После этого, вовсе позабыв об Абази, он бросился из города с такой поспешностью, словно за ним гнались бешеные асокины. О том, чтобы провести в припортовом доме анатома ещё хотя бы час, уже не было и речи. К тому же у него было неотложное дело, которое казалось судьбы его матери — дело это ждало его в Олдорандо. Широко шагая по дороге, он то заливался слезами, то бормотал себе под нос проклятия.
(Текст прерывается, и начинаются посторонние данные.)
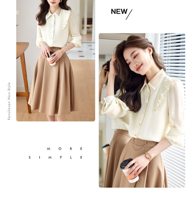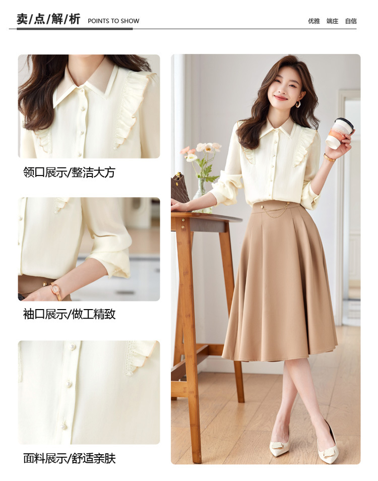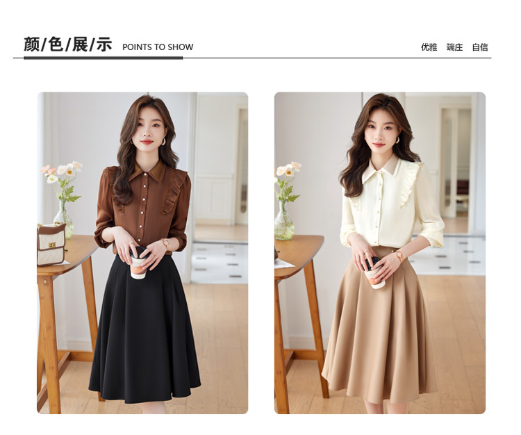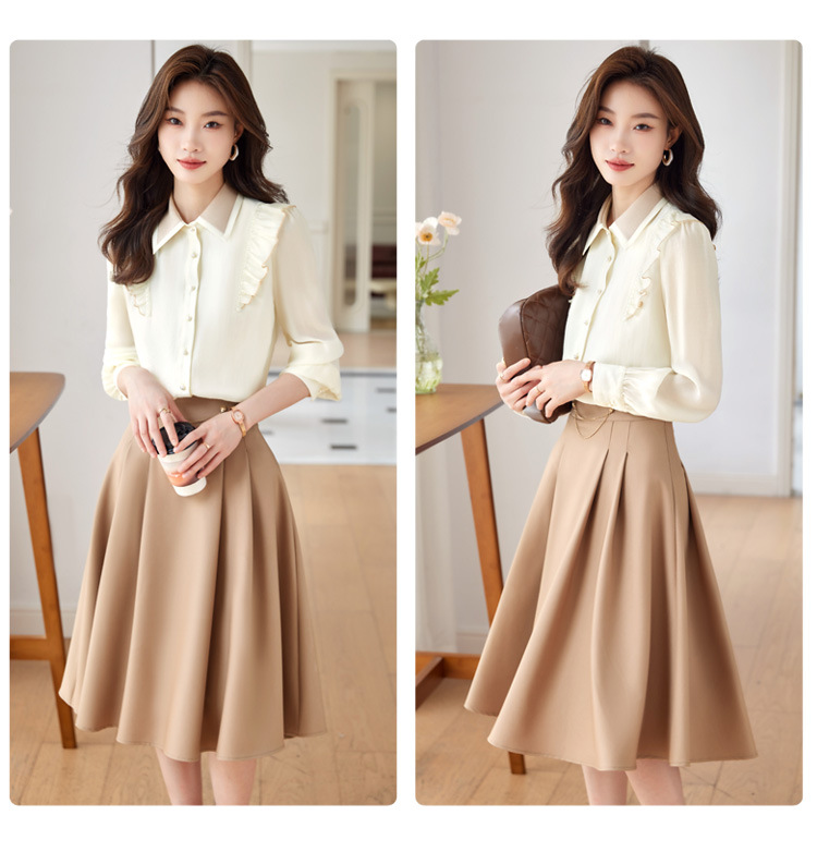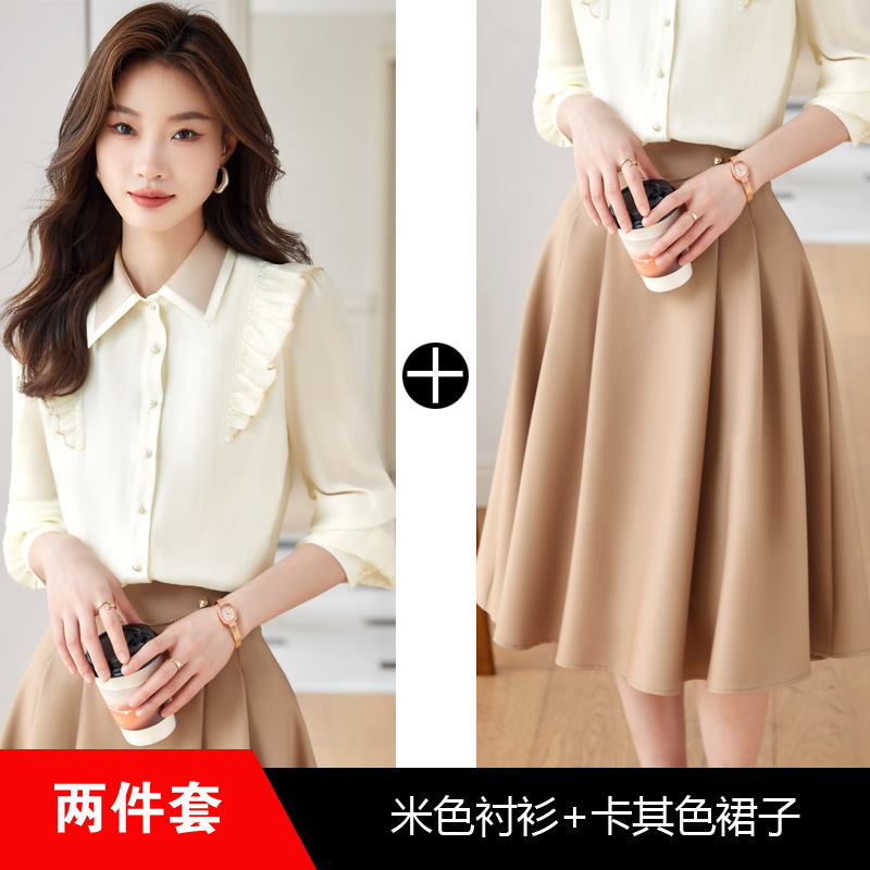 • 베이지 6758 셔츠 + 1098 카키 스커트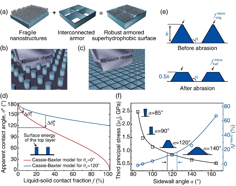 通常情况下, 微观结构的力学稳定性受其几何形状影响, 增加侧壁角度a 是提高结构稳定性的有效方法。为了验证这一原理, 我们通过有限元建模分析了不同侧壁角度微结构的稳定性, 证实了微观结构的稳定性随a的增大而显著提高(图1(f))。相反, 若磨损使微结构发生断裂性损坏, 假设高度被磨损至1/2时, 微结构的固-液接触分数变化量(Df micro)随着a的增大而增加(图1(f)), 即a越大, 磨损引起的超疏水性减弱越明显。在a » 120°时, 超疏水性和机械稳定性可实现较好的平衡。因此, “铠甲”策略的第二、第三个设计原则是保证微结构具有低的f micro和约为120°的侧壁角度。

Уносимое течением, то цепляясь за низко склоненные ветви кустов, то медленно кружась в водоворотах, тело Дива Мунтраса устремилось к устью Такиссы мимо кораблей, стоящих у больших и малых пристаней. Никто не заметил плывущего мертвеца — все поголовно, даже рабы, были заняты тем, что с увлечением собирали на морском берегу ассатасси. Когда едва видневшееся на поверхности воды тело наконец достигло моря, его обнаружили рыбы, полакомившись плотью его щек, губ и пальцев. Оказавшись в море, тело непутевого сына ледяного капитана вместе с устремлявшимся на запад течением поплыло вдоль берега к Гравабагалинену.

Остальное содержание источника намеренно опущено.